Jim Seavey (510)823-3048 {att,bellcore,sun,ames,decwrl}!pacbell!jwseave
                            or jwseave@pacbell.com

=====

This is a bug in the SunOS 4.0.3 . You should remove it. It only happens in
the Sun 4 family. It's fixed in SunOS4.1.1

- -Jeanne Gee
Lockheed
jeanneg@iscnvx.lmsc.lockheed.com

=====

Hope this information isn't too late, I only just read your mail.

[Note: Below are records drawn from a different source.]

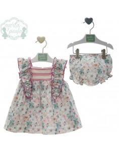 Vestido bebé Marta y Paula con braguita en tono azul rojo
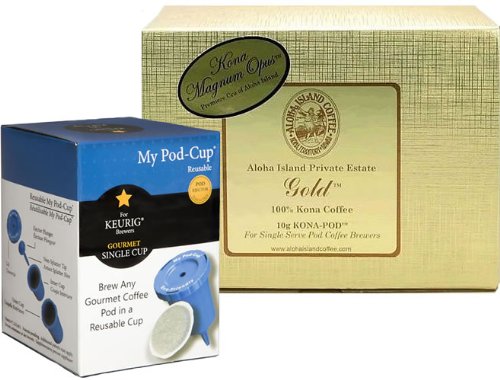- Our fabulous Premium 100% Pure Kona Coffee Keurig K-Cup Starter Kit gives you one Pod Adapter AND our very exclusive GOLD 100% Pure Kona Pods(Box of 12)
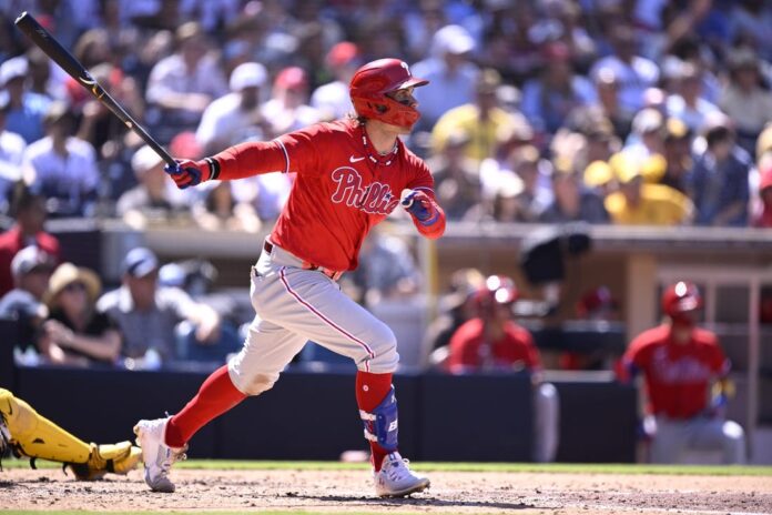 Bryce Harper snapped an 0-for-20 skid with a two-run double on Wednesday in Philadelphia’s 5-1 victory over the Padres. It was Harper’s first hit since he ripped his 300th career home run on Aug. 30.
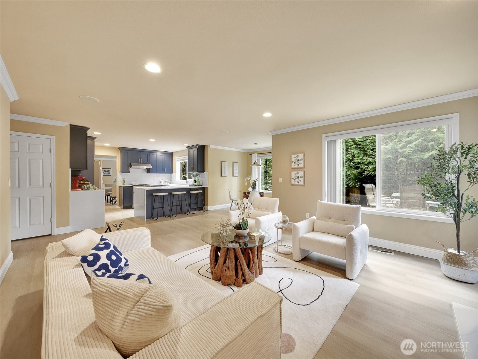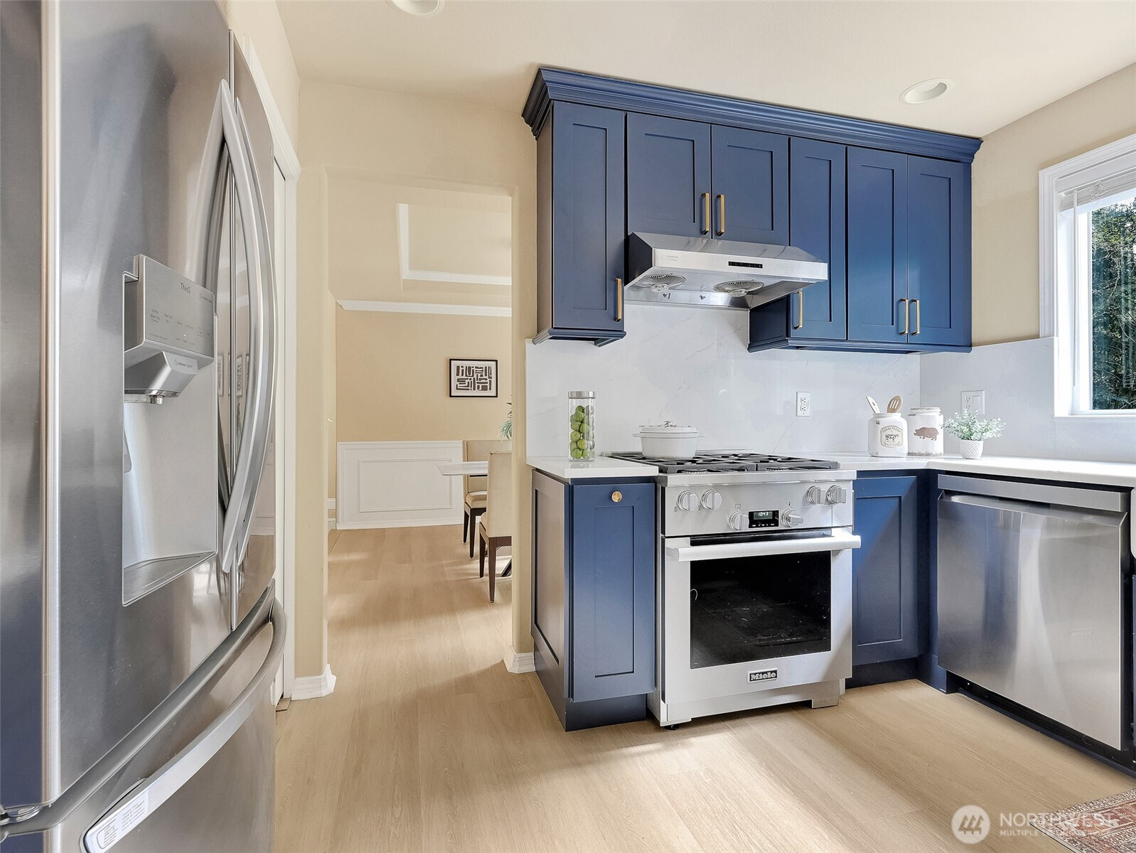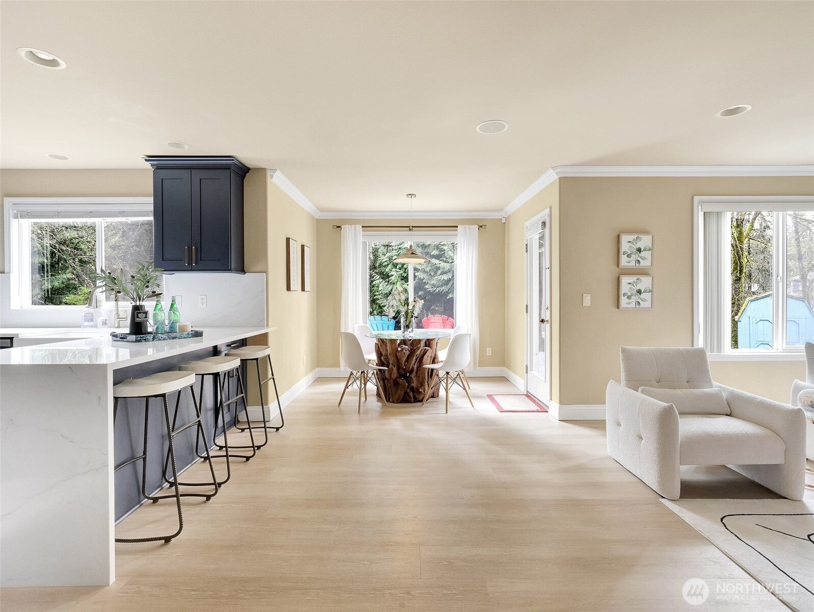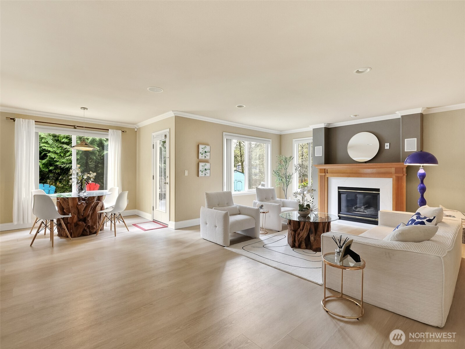 Tucked within a quiet cul-de-sac in the coveted Lexington neighborhood, this beautifully updated 4-bedroom, 2.5-bath home offers the perfect blend of comfort, style, and functionality — all within the Award-Winning Northshore School District and with NO HOA. Soaring vaulted ceilings, crown molding, and light engineered hardwood floors (2022) set an elegant tone throughout the bright, open main level. The grand living room flows seamlessly into a warm family room anchored by a fireplace, while a dedicated main-level office adds everyday versatility. The fully remodeled kitchen is a chef's dream — featuring a professional Miele dual-fuel range, waterfall quartz countertops, custom cabinetry, and a stunning farmhouse sink. A luxury deck just off the kitchen extends the living space outdoors, perfect for entertaining. Upstairs, the spacious primary suite is a true retreat, complete with a spa-inspired 5-piece bath and double vanity. Smart home features throughout include a 7.1 in-wall home theater system, built-in security alarm, CAT 5 wiring, and generator hookup. The finished and insulated 900 SF 3-car garage with EV charger, a 50-year roof, central A/C, and a fully fenced yard (2022) round out this move-in-ready home — truly nothing left to do but move in.

We had a similar problem on our 4/280 running 4.1.1 (we don't have networker
so that wasn't the problem).

The machine would hang during the fast find every night. We could simulate
it by running /usr/lib/find/updatedb manually. We found that it stopped
in one particular directory. When we went to the directory and did an ls
it would also hang. It seemed the kernel got into an endless loop. The
worrying thing was that the file system fscked with no problems.

I've forgotten how I fixed the problem now. I think I dumped, newfs'd and
restored the file system.

Bruce Arden arden@tcom.stc.co.uk
NT Europe Ltd, Welwyn Garden City, England. +44 707 377 277 (x223)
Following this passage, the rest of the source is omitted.